Note: I asked an LLM to figure out what my son does in his lab. Since I'm not too familiar with biology, I asked it to explain everything in layman's terms.

This is the second lab I’ve been digging into. The Stathopoulos Lab at Caltech, run by Angela Stathopoulos. They study how embryos build themselves — specifically, how genes know when and where to turn on during development.

The core question

You probably learned in school that DNA is a blueprint. That’s a useful lie. A blueprint tells you exactly where everything goes. DNA is more like a recipe — but one where the ingredients have to show up at the right time, in the right order, at the right temperature, or the whole thing falls apart.

An embryo starts as a single cell. That cell divides. The descendants have to become different things — some become muscle, some become gut, some become nerve cells. They all carry the same DNA. So what makes them different? Which genes are turned on, when, and where.

The Stathopoulos Lab studies this process using fruit flies (Drosophila). Fruit flies are great for this because they develop fast, have powerful genetics tools, and you can watch the whole thing happen under a microscope in real time.

Four things they’re working on

1. It’s not just WHERE — it’s WHEN

Most developmental biologists focus on the spatial side: this gene turns on here, that gene turns on there. The Stathopoulos Lab is focused on timing. When does a gene turn on? What controls that?

They study the Dorsal-Ventral axis of the early embryo — essentially, how the embryo figures out which side is its back and which side is its belly. A protein called Dorsal is the master switch for this. But Dorsal doesn’t work alone. It needs help from “pioneer factors” — proteins that open up the DNA packaging (chromatin) so Dorsal can actually access the genes it needs to activate.

They found a pioneer factor called Odd-paired that works with another factor called Zelda to broadly regulate gene expression during the maternal-to-zygotic transition. That transition is a critical handoff: the embryo starts running on mom’s instructions, then has to switch to its own. Odd-paired helps make that happen.

2. Enhancers have air traffic control

Here’s something most people don’t know about gene regulation. A single gene can have multiple enhancers — stretches of DNA that boost its expression. Each enhancer might respond to different signals, at different times, in different tissues.

But how do multiple enhancers at the same gene coordinate? Who goes first?

The Stathopoulos Lab uses the brinker gene as a model and found that promoter-proximal elements — sequences right next to where transcription starts — regulate the ORDER in which enhancers take turns. It’s like air traffic control at a busy airport: multiple planes want to land, but someone has to sequence them.

They’ve also developed new techniques for visualizing chromatin structure in individual cells — essentially watching how DNA folds in 3D to bring enhancers close to the right promoters at the right time.

3. Growth factors that send signals backwards

Fibroblast growth factors (FGFs) are signaling molecules that control everything from embryonic development to wound healing. In humans, there are over 120 possible FGF-receptor combinations — absurdly complex.

In fruit flies, there are only 3. Much cleaner.

The lab studied one FGF called Pyramus and found two features nobody had ever seen in any FGF before:

  • A transmembrane domain that anchors Pyramus to its cell of origin. The signal can only reach nearby cells — it’s a local call, not a broadcast.
  • A degron that destroys Pyramus while it’s still attached. The signal only gets sent after Pyramus is cut free. It’s a timing mechanism.

Together, these features let Pyramus send a precise, directional signal at exactly the right moment. The first time anyone found these structural features in any FGF — and humans have 22 of them.

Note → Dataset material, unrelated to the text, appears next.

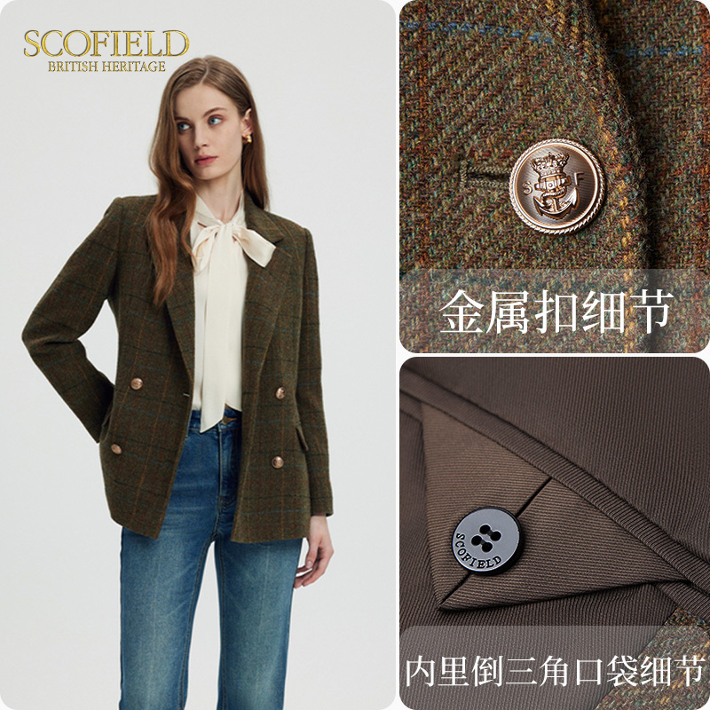 【100%羊毛】Scofield女装英伦风干练翻领西装长袖外套秋季西装,上海

4. Cells that get lost get killed

This one’s my favorite.

During embryonic development, a group of cells called the caudal visceral mesoderm (CVM) has to migrate from the back of the embryo to the front. It’s the longest migration in fruit fly embryogenesis — six hours of crawling across the embryo. These cells eventually form the muscles that wrap around the gut.

If a cell wanders off course, the embryo kills it. Not metaphorically. The cell undergoes apoptosis — programmed cell death. The embryo has a quality control system that says: if you’re not where you’re supposed to be, you’re done.

The lab found that this kill mechanism involves BMP signaling and a process called anoikis — cell death triggered by loss of proper contact with neighbors. It’s like a construction worker who wanders off the job site getting their badge deactivated.

Why this matters

You might be wondering why anyone cares how a fruit fly embryo develops. Fair question.

These aren’t fly-specific mechanisms. Enhancer coordination, chromatin dynamics, growth factor signaling, collective cell migration — all of these are fundamental to how every animal develops, including humans. The fly is just the cleanest system to study them.

If we understand how embryos coordinate gene expression in time and space, we understand more about birth defects, developmental disorders, and even cancer (which is essentially development gone wrong — cells dividing and migrating without proper control).

The bottom line

Building an embryo is an orchestration problem. Thousands of genes have to turn on at the right time, in the right place, in the right order. The Stathopoulos Lab is studying the conductors — the regulatory sequences, pioneer factors, signaling molecules, and quality control mechanisms that make it work. And when it doesn’t work? That’s where disease comes from.